Die Geschäftsstraße mit einigen Banken lag vor uns. Unter die Dankbarkeit für das Geld mischte sich leise ein Gefühl des Bittstellers, umklammerte mich sogar einen Moment eine düstere Mauerstimmung, welche jedoch in der Euphorie der Ereignisse schnell verblasste. Völlig fremde Leute lagen sich in den Armen, weinten und lachten. In diesen Augenblicken wurde Geschichte geschrieben, aber das wurde uns erst später bewusst.
Unter unsere Träume, die auf einmal auf uns niederprasselten, mischte sich auch die Sorge. Wie würde unser Leben aussehen, wenn die Grenze offen blieb? Freude und Angst lagen so dicht beieinander. Es glich dem Wandern auf einem schmalen Grat.





Mit dem Geld in der Tasche, nie zuvor besaß ich D-Mark-Scheine, fühlte ich mich wie Rockefeller. Ich konnte die Welt erobern und kaufen, was ich wollte. Doch so sehr auch die Auslagen lockten, ich widerstand ihnen, wollte meinen Reichtum nicht verschwenden. Wir waren neugierig und offen für alles. Unsere Augen saugten jedes Detail auf. Wir hatten einen Riesenspaß und bemerkten gar nicht, wie die Zeit verging.
Wir neckten schalkhaft eine Kollegin, die ihrer Katze BREKKIES kaufte. Wir lästerten, ob denn die Mieze solche Sachen überhaupt vertragen würde, und freuten uns über unser Glück, diese aufregende Zeit erleben zu dürfen.

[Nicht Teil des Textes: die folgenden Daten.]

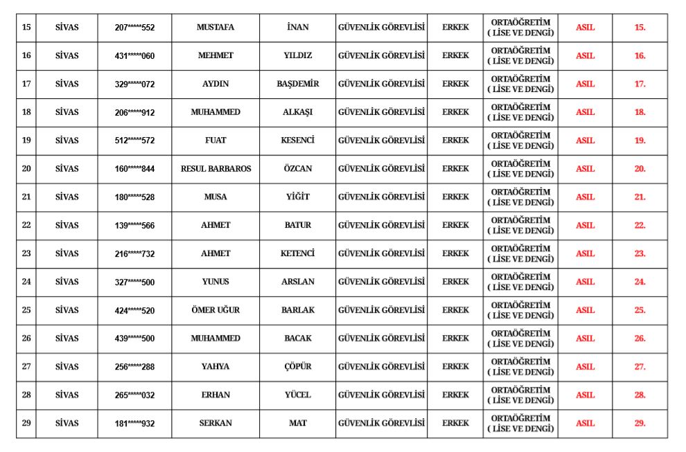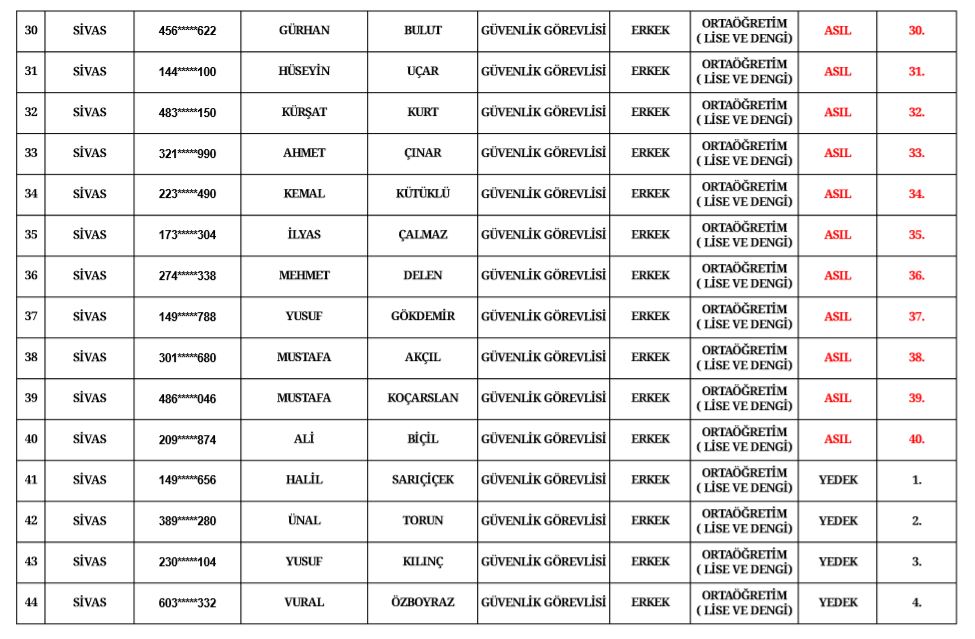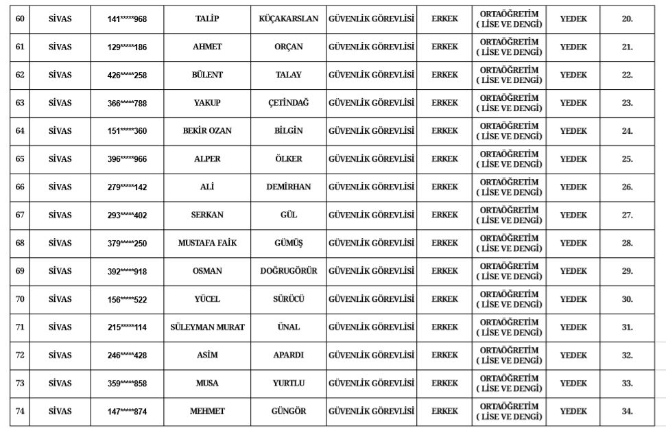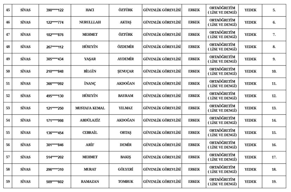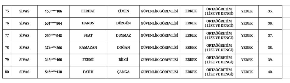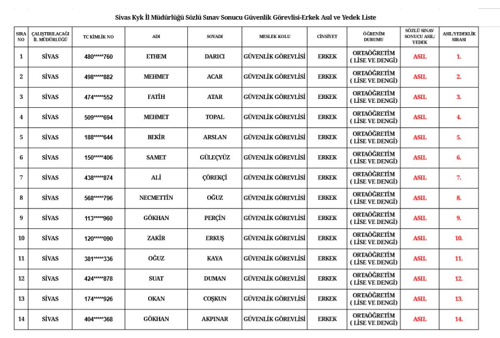 Sivas KYK İl Müdürlüğü Sözlü Sınav Sonucu Güvenlik Görevlisi Erkek Asıl ve Yedek Liste

Es dunkelte, als wir die Heimreise antraten. Unsere Füße hatten ganze Arbeit geleistet. Mit einer Fülle von Eindrücken fuhr uns die S-Bahn zurück zum Ziel, nach Hause, von West nach Ost. Ich glaube, wir hatten, wie viele andere auch, die Tickets nicht bezahlt. Es herrschte ein Ausnahmezustand in der Stadt. Als der Zug in den Bahnhof FRIEDRICHSTRAßE einfuhr, hatte ich Mühe, meine Tränen fortzublinzeln. Zum ersten Mal kam ich von der anderen Seite an diesem Bahnsteig an, der auch als Tränenpalast in die Geschichte einging. Niemals hatte ich geglaubt, einmal hinter die verbotene Fassade des Bahnhofs fahren zu dürfen, oder je von dort zurückzukommen.

Übrigens war der Fall der Berliner Mauer mein ganz persönlicher Glücksfall. Bereits 2017 habe ich darüber einen Beitrag geschrieben: Warum der Fall der Berliner Mauer ein Glücksfall für mich war ...

Noch heute fühle ich Gänsehaut, wenn ich an den Weg in die Freiheit vor 30 Jahren zurückdenke, auf welchem neben dem Glück auch die Angst unser ständiger Begleiter war.